> **Exercise brief**: For this exercise, reproduce the entries below exactly, but only from the line containing "Fig. 1 Intercrop" through the line containing "Walsingham. Many of", both included.

> **Supplied data**:
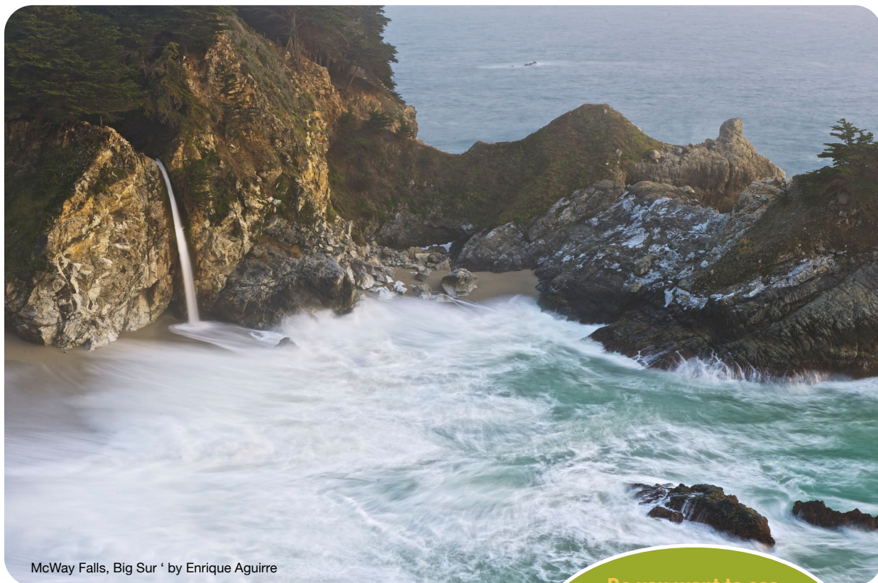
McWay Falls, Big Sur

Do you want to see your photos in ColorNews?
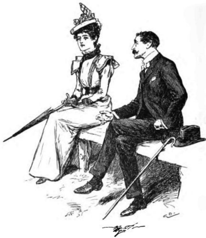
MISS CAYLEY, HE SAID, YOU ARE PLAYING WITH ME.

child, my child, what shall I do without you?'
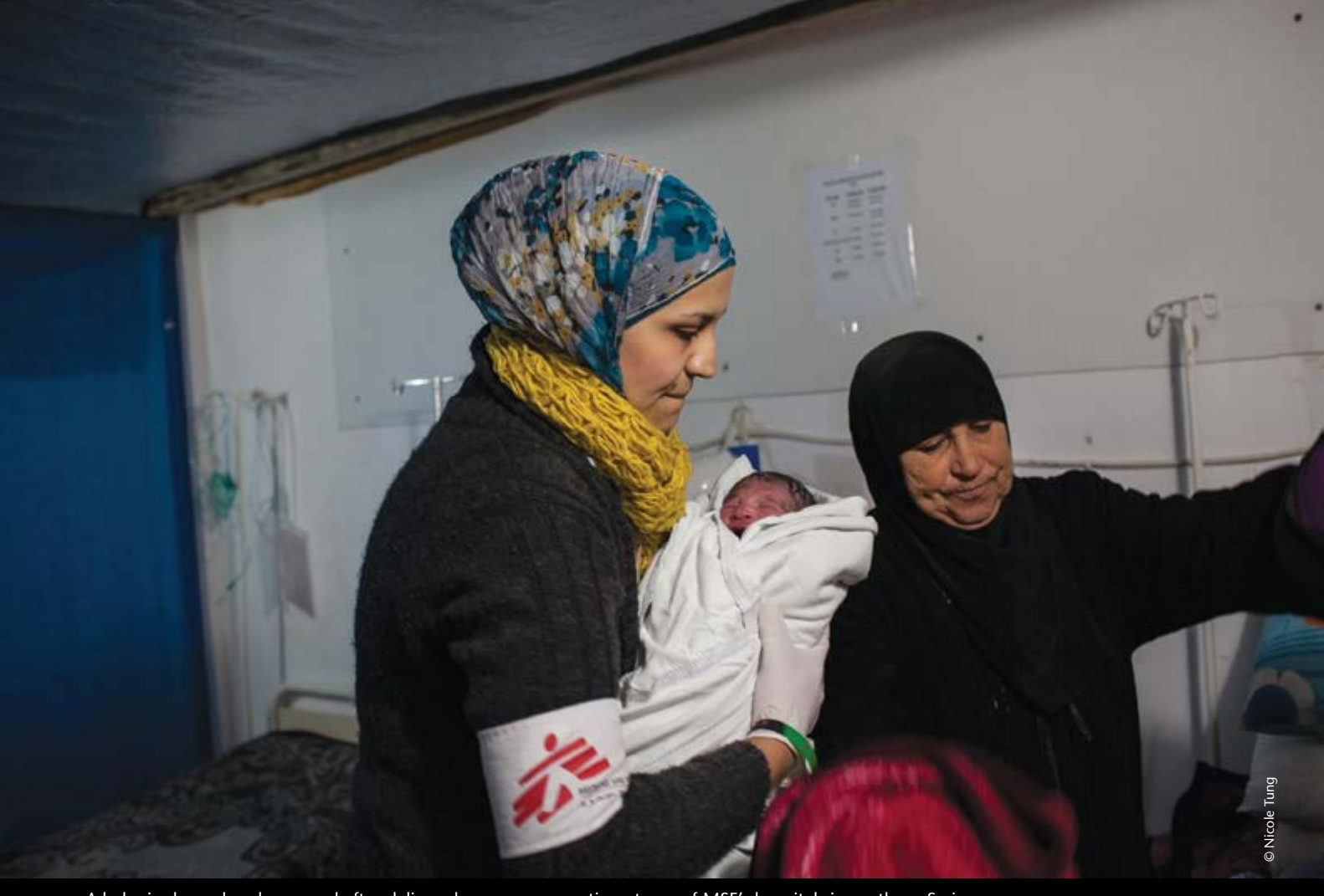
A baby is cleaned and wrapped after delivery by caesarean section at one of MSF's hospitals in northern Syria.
--
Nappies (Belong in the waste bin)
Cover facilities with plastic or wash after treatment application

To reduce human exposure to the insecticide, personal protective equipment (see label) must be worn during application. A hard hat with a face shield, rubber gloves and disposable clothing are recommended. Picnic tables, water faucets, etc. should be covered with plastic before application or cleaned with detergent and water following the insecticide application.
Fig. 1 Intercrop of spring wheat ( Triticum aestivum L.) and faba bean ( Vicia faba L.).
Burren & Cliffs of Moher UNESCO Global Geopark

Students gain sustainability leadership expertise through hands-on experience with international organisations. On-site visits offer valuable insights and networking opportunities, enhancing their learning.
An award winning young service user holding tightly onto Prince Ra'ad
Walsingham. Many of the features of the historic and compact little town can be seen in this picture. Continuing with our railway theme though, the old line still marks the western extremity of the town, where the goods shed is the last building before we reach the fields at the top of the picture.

> **Answer to this exercise**:
Fig. 1 Intercrop of spring wheat ( Triticum aestivum L.) and faba bean ( Vicia faba L.).
Burren & Cliffs of Moher UNESCO Global Geopark

Students gain sustainability leadership expertise through hands-on experience with international organisations. On-site visits offer valuable insights and networking opportunities, enhancing their learning.
An award winning young service user holding tightly onto Prince Ra'ad
Walsingham. Many of the features of the historic and compact little town can be seen in this picture. Continuing with our railway theme though, the old line still marks the western extremity of the town, where the goods shed is the last building before we reach the fields at the top of the picture.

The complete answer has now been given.